КИНОХРОНОГРАФ 1930
Демьян Бедный публикует стихотворный памфлет на фильм Александра Довженко «Земля»
Этих трех художников объединяло стремление к художественному обобщению, которое не подчинялось какой бы то ни было бытовой логике, а следовало только художественному замыслу, что сближало их с авангардом 1920‑х годов. Именно поэтому данное направление в советском кино получило название «поэтического» и было противопоставлено кинематографической «прозе» – буквальному отражению нового быта. Тем не менее и в прозаическом ключе создавались произведения, во многом обгонявшие свое время, но уже не эстетически, а социально-психологически.
Достаточно вспомнить знаменитую картину Абрама Роома «Третья Мещанская» (1927)[65], вызвавшую бурные общественные дискуссии благодаря образу главной героини. Двое мужчин – муж и любовник – в одной квартире оказались недостойными своей возлюбленной, которая уходила от них в финале с гордо поднятой головой и отправлялась в одиночестве воспитывать своего ребенка в условиях нового социального строя. Такая радикальная эмансипация не снилась даже западным феминисткам полвека спустя.
Параллельно поискам Эйзенштейна, Пудовкина и Довженко возникают органичные для нового строя коллективные формы творчества, в частности, ленинградская «Фабрика эксцентрического актера» (ФЭКС), где лидерами были Григорий Козинцев и Леонид Трауберг. Здесь причудливо сочетались эстетизм, эксцентрика и изощренная историческая стилизация, в частности, в картинах «С.В.Д.» (1927)[66] и «Новый Вавилон» (1929)[67]. Но наиболее известная картина фэксов – «Шинель» (1926)[68] по повести Н. В. Гоголя – следовала традициям русской классической литературы и в этом плане вступала в конфликт с откровенно обновленческими идеями киноавангарда.

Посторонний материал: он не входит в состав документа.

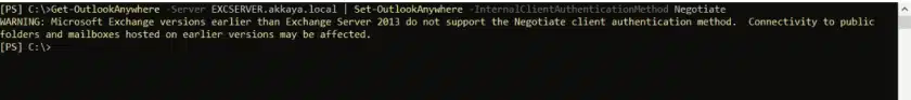 Get-OutlookAnywhere | Set-OutlookAnywhere -InternalClientAuthenticationMethod Negotiate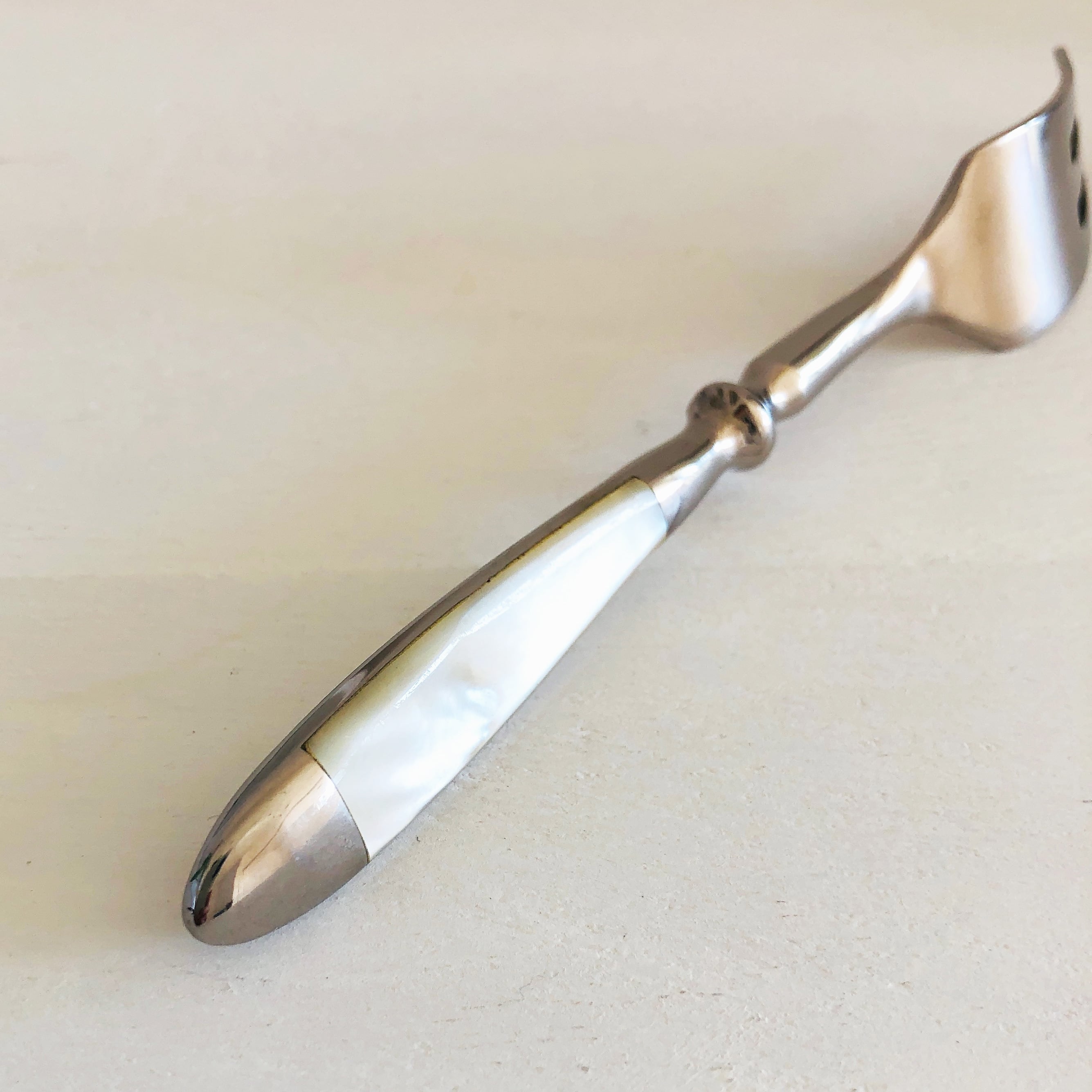 持ち手の上面・下面に貝と思われる白い装飾が施された、シンプルなステンレス製フォークです。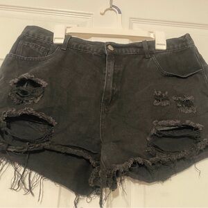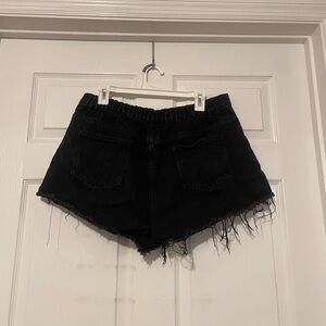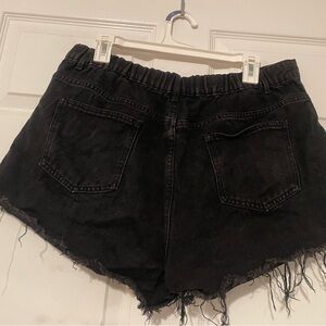 High-Waisted Distressed Jean Shorts with Fray & Elastic Waist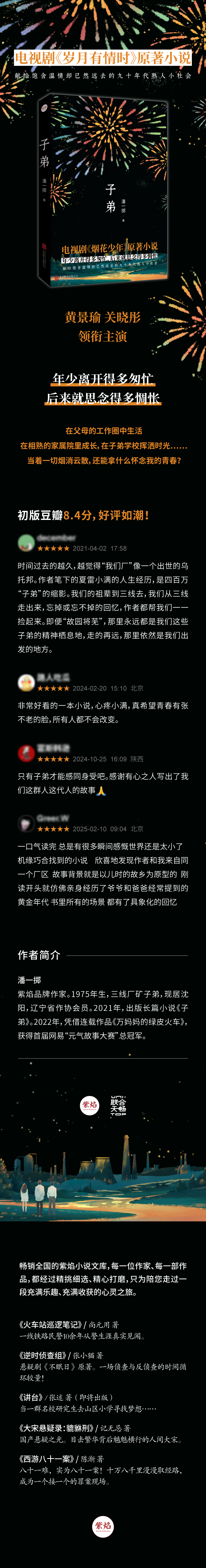 作为厂矿子弟生活的亲历者,潘一掷笔下丰富的时代细节、社会转型期的写实对照、九十年代的泛黄质感,为读者带来了情感追忆,在子弟群体中引起强烈反响。

Нужно сказать, что представление Эйзенштейна и его собратьев по искусству о непосредственном эмоциональном воздействии на широкие массы на основе архаических форм восприятия было скорее теоретической иллюзией, нежели реальностью. Конечно, «Броненосец “Потемкин”» бил по нервам зрителя, но аудитория в этот период предпочитала «Медвежью свадьбу» (1925)[69] Константина Эггерта и Владимира Гардина – советский вариант фильма ужасов, снятый по сценарию А. В. Луначарского и принадлежащий к тому типу жанрового кино, которое пользовалось значительным успехом не только в Советской России, но и на Западе.
Зрительские предпочтения не мешали тем не менее развитию экспериментальных, авангардистских тенденций. Это свидетельствовало о том, что советские кинематографисты ставили перед собой достаточно сложные задачи даже по сравнению с экспериментальными формами творчества на Западе, коль скоро стремились соединить авангардистские поиски художников с удовлетворением запросов широкого зрителя. Последний же гораздо живее воспринимал разновидности массовой культуры, которые так или иначе продолжали развиваться на советской территории, нежели экспериментальные ленты, высоко ценившиеся левой интеллигенцией на Западе и нередко, подобно «Броненосцу “Потемкину”», возвращавшиеся на родину в ореоле славы. Это был один из парадоксов развития немого кино, которое в авангардистских поисках стремилось преодолеть свои собственные границы и как бы предчувствовало смертоносное для себя появление синхронного звука.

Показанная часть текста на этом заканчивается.